Accident-prone Iron Mountain has mislaid more backup tapes containing personal information.
On April 6th, a driver reported that backup tapes belonging to the Long Island Rail Road (LIRR) and another customer had gone missing.
The LIRR tapes contained personal information about 17,000 past and current employees - virtually everyone who has every worked for the concern. The second customer's tapes did not contain personal information.
So far no evidence of theft has been found; the tapes have apparently just been mislaid.
The LIRR is providing a paid-for one year account with a credit check and identity theft monitoring service - a costly exercise for 17,000 people.
Iron Mountain has previously lost backup tapes belonging to Times Warner in March, 2005. These covered 600,000 current and past employees.

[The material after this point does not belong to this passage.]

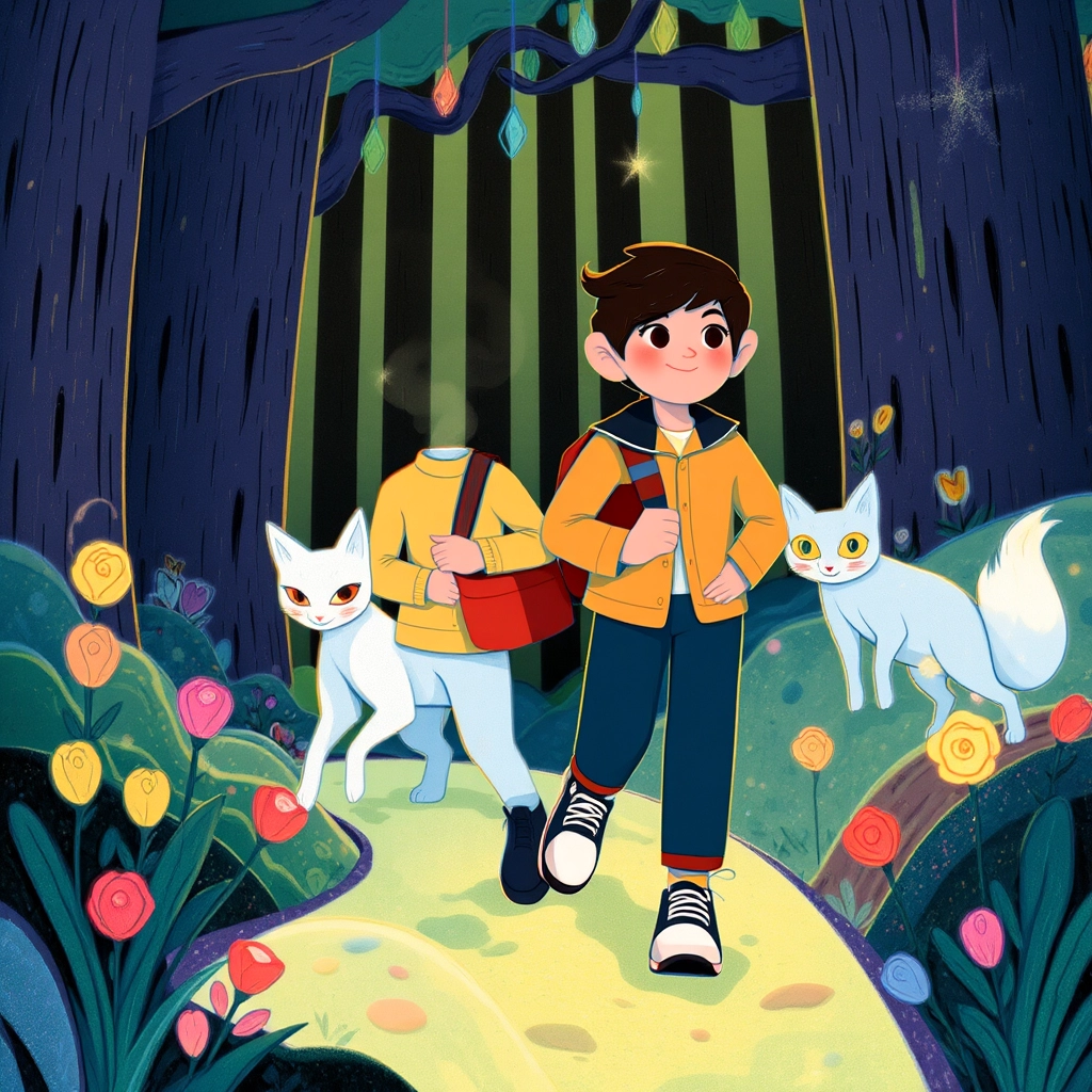 After a joyful day at school, [Izzy](3RKPVT4M) began his walk home. But as he ventured farther, he took a wrong turn into a shadowy path surrounded by thick trees. Suddenly, he realized he was lost.

Also thousands of customers of the City National Bank in Los Angeles had their details on tapes Iron Mountain lost in April, 2005. It appears Iron Mountain has put the identity details of up to three quarters of a million people at risk in just one year.
An Iron Mountain statement declared: "it is not possible to eradicate all human error in a service business, no matter how hard we try." The statement also said: "Identity theft is a very serious matter, but there has never been a case of lost or stolen backup tapes resulting in identity theft."
Not yet. But identity theft thieves are obviously being made aware of the rich pickings presented by transported backup tapes. It is becoming obvious that transporting unencrypted backup tapes is an identity theft disaster waiting to happen.
Agaist this background the moves by the LTO Consortium and IBM to add encryption facilities toLTO4 drives and proprietary IBM tape drives make obvious sense. Iron Mountain may wish that encryption could be retrofitted to current tape formats. Meanwhile on-line backup file vaulting appears to be a more secure method of transfer than tape carriage.